Confessing is seldom, if ever, going to help someone get a better deal in court. One operating fallacy is that you won't get credit for early acceptance of responsibility if you wait to talk to a lawyer first. That is simply false. The other operating fallacy is that you will make the police angry if you don't confess, and will therefore worsen the outcome. Firstly, if a police officer is angered by someone exercising their constitutional right to remain silent, they ought to strongly consider a change in professions, if not citizenship. The constitutionally guaranteed right against self-incrimination is as American and mom and apple pie! Secondly, your goal is not to make friends with the police officer. Rather, your goal is to avoid incriminating yourself. Let them be angry. That, in and of itself, probably helps you more than it hurts you. Let their emotions get the better of them. And keep your mouth shut. Do honor to our great constitution by not incriminating yourself!

It appears that the Miranda advisement, when read, is not understood as anything more than a familiar police ritual.
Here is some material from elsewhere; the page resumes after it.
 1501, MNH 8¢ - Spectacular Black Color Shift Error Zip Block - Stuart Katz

While the police are saying,

"you have the right to remain silent. Anything you say can and will be used against you in a court of law. You have the right to have a lawyer present while being questioned. If you cannot afford a lawyer, the court will appoint a lawyer to represent you...",

the listener is most likely thinking something along these lines,

"Crap! I'm really in trouble now. I guess they aren't going to let me go with a warning after all! They believe I did it! I'm screwed no matter what! What can a lawyer do to help!? How am I going to get out of here?! Maybe if I cooperate with them, and tell them what they want to hear, which is that I did it, they will appreciate that and maybe let me go home...or at least stop scaring me"
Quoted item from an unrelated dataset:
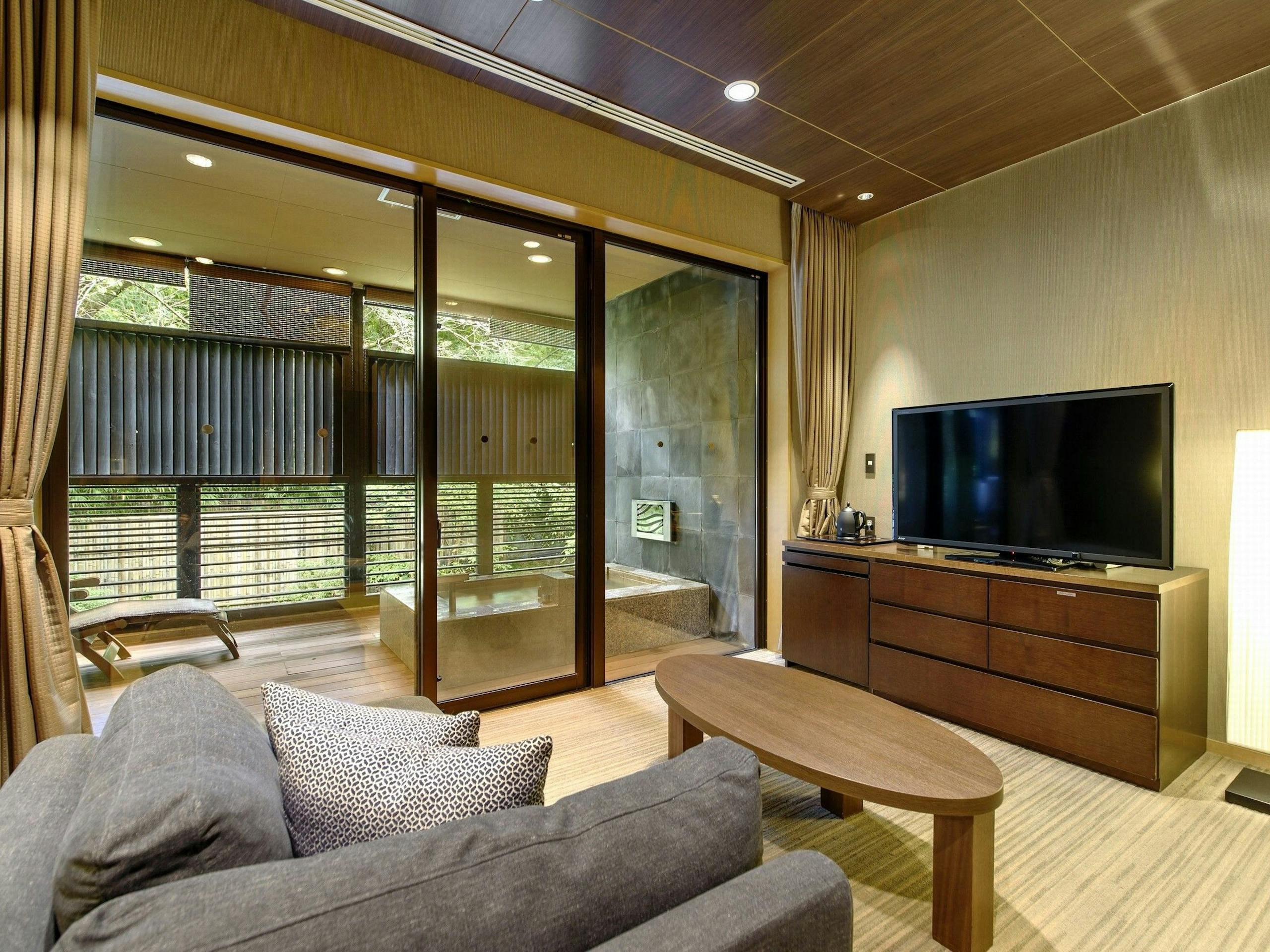 全室温泉露天風呂付の贅沢なしつらえの客室。

The most negative impacts of Miranda v. Arizona are as follows:

1. That police think that, by reading the Advisement, they are thereby rendering their arrest "by the book". It gives the police an easy (and cookbook recipe-like) way to legally sanitize the encounter without necessarily honoring the spirit of the constitution.

2. That arrestees believe that the police are supposed to read the Advisement every time they arrest someone and that they must do so early on in the encounter. Because the advisement, if it is read at all, is read late in the encounter, the arrestees form the opinion that they are being mistreated due to the fact that police aren't, according to their Hollywood-based understanding, following the one rule of police conduct of which they have become aware. Accordingly, the individuals develop a bad attitude toward the officers. This bad attitude can hurt the arrestees chances of getting a good deal in court, and also tends to validate negative views police carry toward the larger population. It widens the "us" (the police) versus "them" (the rest of society) gap which, I strongly believe, is the root cause of nearly every instance of police misconduct.

So, when do they have to read the Advisement, you ask? Only when you are in handcuffs or are otherwise confined and they happen to want (or need) you to confess to something.